If Covid-19 has taught us anything about how to surmount our socio-environmental challenges, it is that each one of us – as individuals, companies or governments – needs to take ownership of our future. Being a bystander is no longer an option. Yet, if you’re like one of the thousands of executives I have encountered over the years, you likely believe that sustainability – that is, the wellbeing of our planet and its people – is important, but it’s “someone else’s problem”. In companies with a sustainability department, everyone points to that department as being responsible for everything sustainability-related.

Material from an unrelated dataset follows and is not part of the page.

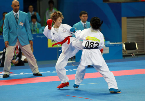 廣州亞運會24日下午進(jìn)行空手道女子50公斤級銅牌戰(zhàn),中華臺北隊選手陳彥卉(中)對決韓國選手張昭英(右),雙方使盡全力拼戰(zhàn),氣氛相當(dāng)火爆。 圖片來源:“中央社”

Why is it that something as important as sustainability is given short shrift by so many in the corporate sphere? Over the past years, I’ve visited dozens of large, publicly listed companies and spoken with hundreds of employees to try to find out. I’ve been to head offices, mines, stores and factories, travelling from Madagascar to India to Chile’s Atacama Desert.
1. Find more purpose
To take ownership of our post-pandemic future, businesses must start by asking the all-important question of corporate purpose – or “why do we do what we do”? Leaders must articulate how the firm creates value for all stakeholders, not just shareholders, and accept that profit is the consequence of such value creation. This process of defining purpose makes it clear that businesses exist to serve society and not the other way round, and the link to sustainability becomes clear. As Paul Polman, ex-CEO of Unilever, said: “Sustainability is totally driven by purpose. It starts with the overall firm belief that we are here to serve society … and only by doing that well, we can make all our stakeholders, including our shareholders, happy.”

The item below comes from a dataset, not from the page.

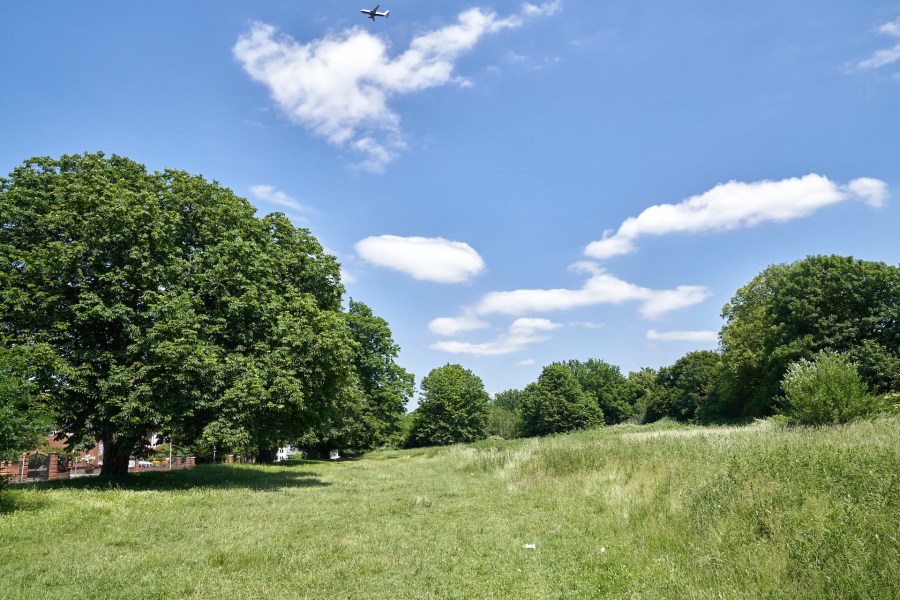 I walked from there into Richmond Park and out again, the heat building, and grateful for any shade I could find. I was looking for Pesthouse Common and the A-Z wasn’t very helpful – it seemed that the named common included playing fields which appeared to be attached to a school, and I couldn’t imagine that to be Access Land. When I came across it, I found a verge common, a small patch of grassland bordered by mature plane trees. There was a helpful information board explaining it to me – how the Pesthouse was a plague hospital, now pulled down, and that the common is a vestige of a much larger common which stretched to the Royal Park, until even that was enclosed for a workhouse and burial ground. In many ways, Cholmondeley Walk and Pesthouse Common are quite similar – you’d not know either to be commons really, and both are long and scruffy. But they’re opposites, for if Cholmondeley is a reminder or access preserved, Pesthouse is a reminder of it withdrawn. And though, of course, any patch of green space is a good thing for wildlife, Pesthouse didn’t seem to have any kind of human life past that historical signage; there were no paths through the long grass, no graffiti, not even any litter. Pesthouse Common was chipped away at until it became an irrelevance.

How can leaders discover that “true north” – their company’s purpose? Often, it happens via epiphanies or first-hand experience on the front lines. Francesco Starace, the CEO of Enel, one of the largest energy companies in the world, had his epiphany while working in the Middle East in the mid-1980’s. He realized that an energy company’s job was not to foist new habits on people, but rather to enable them to do what they wanted to do in the first place. Crossing an emotional barrier, as Starace did in the 1980s, and identifying with a company’s purpose in a new and personal way enables leaders to build their own sense of sustainability ownership and address the critical problems of our world. “Sooner or later,” as Starace told me, “you have to face up to the facts about why you do what you do.”
2. Engage all stakeholders
Armed with a sense of purpose and a set of concrete sustainability goals, your company is ready to create motivation and ability among your stakeholders, and to help integrate those sustainability goals into their daily work routines.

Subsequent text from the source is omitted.